# Progesterone levels how much they need to be to ovulate ???



## petdowe (Mar 17, 2006)

Ladies,
I am gonna be a pain in the  here because maybe this question has been asked before somewhere along the line. 26th March the day before insemination i did a digital ovulating test here at home and it was   so the next day 27th march we had our 6th and final iui insemination and i told the nurse that i did a ovulating test and she told me to come back 7 days after insemination for a blood test. On the 7th day after insemination i went for a blood test. As some of you will know sadly on day 11 that nasty old  arrived i  the hospital and told them that that nasty  arrived and totally forgot about asking for my blood test result so yesterday i  them again and asked for my blood tset result she said that my Progesterone levels was 24 not a fantastic ovulation. 
What does she mean ??.
How much does your levels have to be to ovulate ??. 
Am i going   ??. 
Sorry i know there are a few questions there but can anybody  please thankyou love nicky .


----------



## Wendy K (Sep 26, 2005)

Hi,

All I can tell you is a Progesterone level of 30 or above should mean you ovulated, but they have to do it on the correct day of your cycle.  

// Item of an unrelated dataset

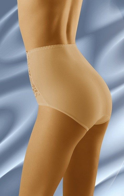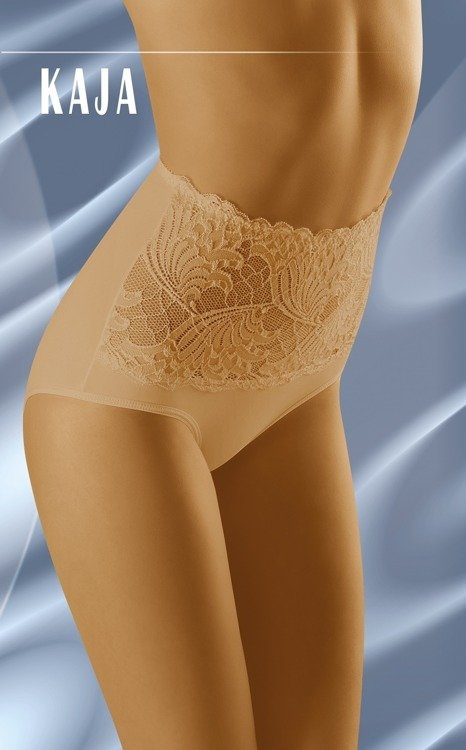 Figi damskie lekko modelujące sylwetkę - opinają brzuch, podkreślają linię talii. Wykonane z gładkiej mikrofibry i efektownej ażurowej koronki. Przyjemne w dotyku i bardzo wygodne.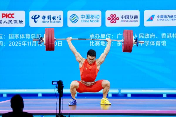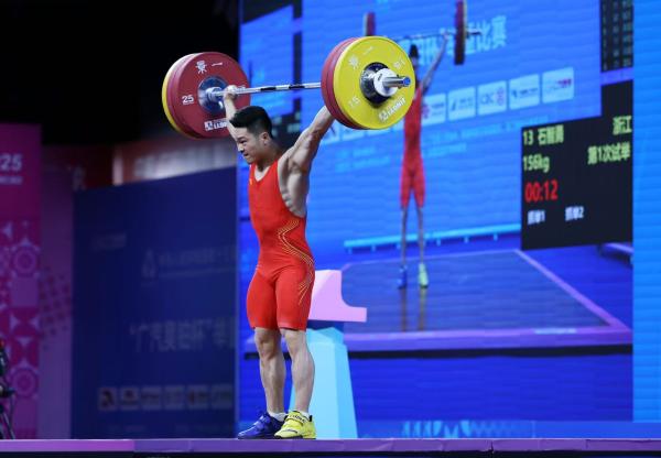 11月17日,东莞石龙中学体育馆,第十五届全国运动会举重项目男子73公斤级决赛战罢,宁波选手石智勇以抓举161公斤、挺举185公斤、总成绩346公斤的成绩夺得冠军,实现全运会三连冠。

24 is low and they should monitor your luteal phase as womens cycles vary as to when they ovulate, but when you have, the luteal phase should be at least 12 to 14 days to give the embie time to implant,(and the progesterone to have time to build up to form a nice thick womb lining) if it's shorter maybe you need a progesterone supplement to help lengthen it, have a word with the consultant or nurse, and see what they say.

Good luck 

Wendy K


----------



## ☼♥ Minxy ♥☼ © (Jan 13, 2005)

Hi

You need to be aware that different labs use varying measurements and ranges so when comparing hormone levels you need to take this into account eg 30nmol/l is approx 10 ng/ml

Progesterone should be tested 7dpo as this is when it peaks so if you had it tested a day early or late it may show a lower progesterone level.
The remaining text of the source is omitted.